* _PROBLEM DESCRIPTION_
Everything in the listing should be transcribed exactly, apart from the pictures.

* _COLLECTED MATERIAL_
== Segment start ==

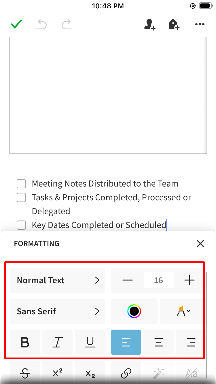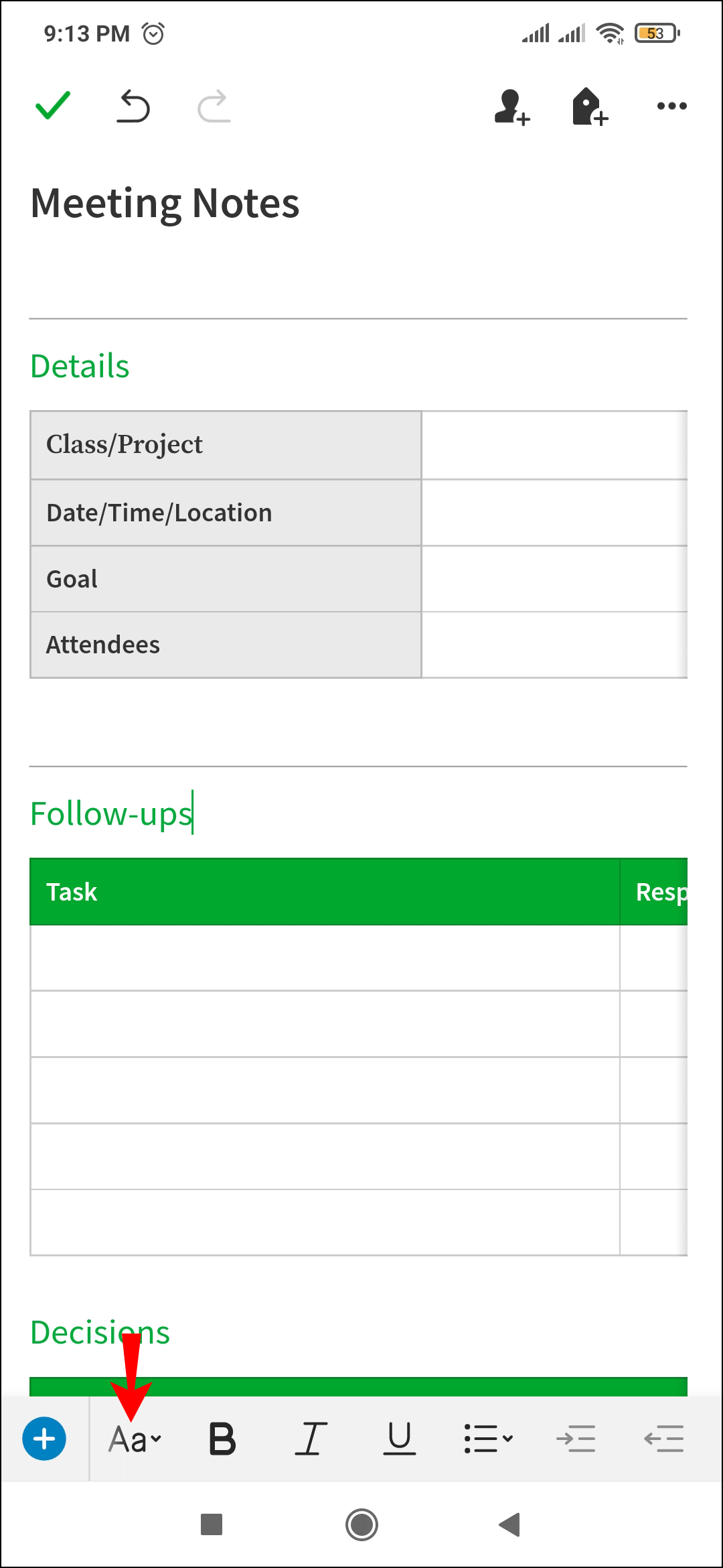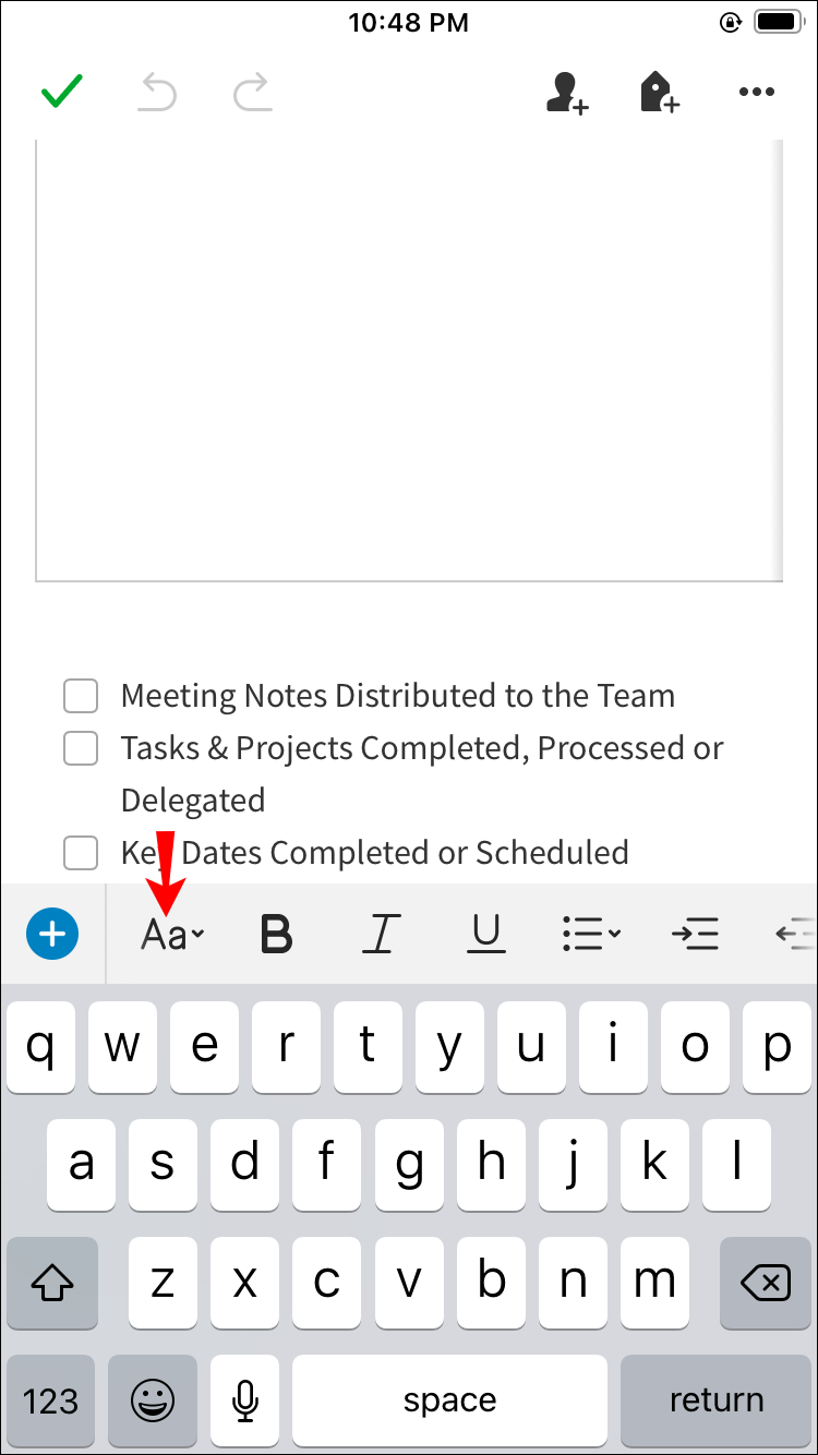 - Tap on the letter “A” with the three horizontal lines next to it. This button is located right above the keyboard, on the Editing tab.
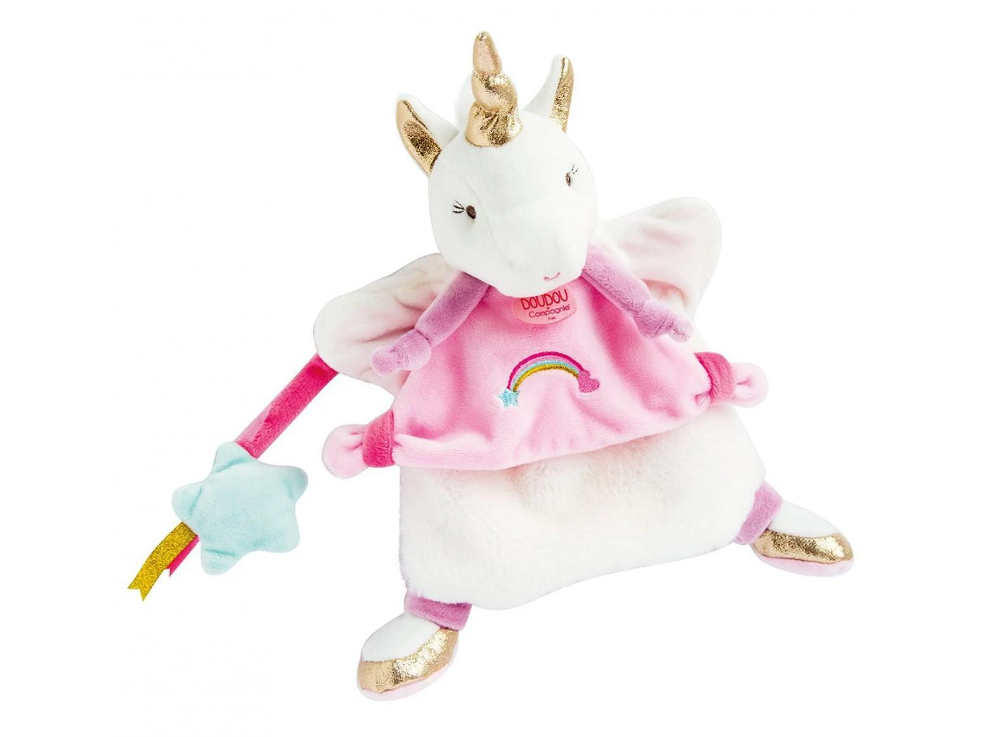 Une jolie marionnette Licorne, féerique pour imaginer de douces histoires à paillettes et faire briller les yeux de toutes les petites princesses. Créée dans des matières très douces blanches et roses, elle est adorable avec ses touches de glitter or. Idéale dès la naissance. Lavable à 30°. Taille 25cm.
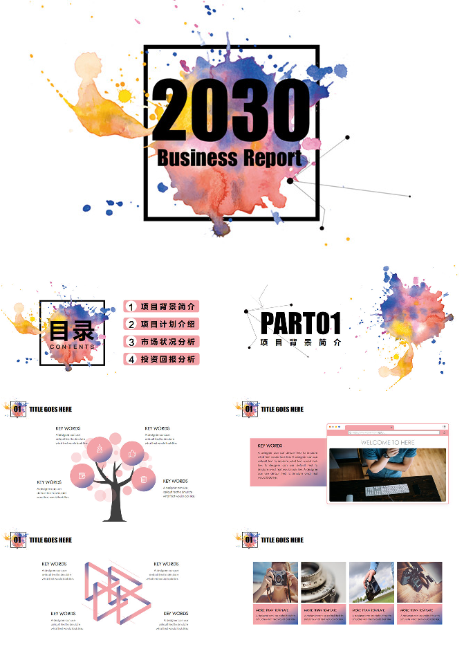 水彩墨迹艺术设计PPT模板

== Segment end ==

* _WRITTEN SOLUTION_
 - Tap on the letter “A” with the three horizontal lines next to it. This button is located right above the keyboard, on the Editing tab.
 Une jolie marionnette Licorne, féerique pour imaginer de douces histoires à paillettes et faire briller les yeux de toutes les petites princesses. Créée dans des matières très douces blanches et roses, elle est adorable avec ses touches de glitter or. Idéale dès la naissance. Lavable à 30°. Taille 25cm.
 水彩墨迹艺术设计PPT模板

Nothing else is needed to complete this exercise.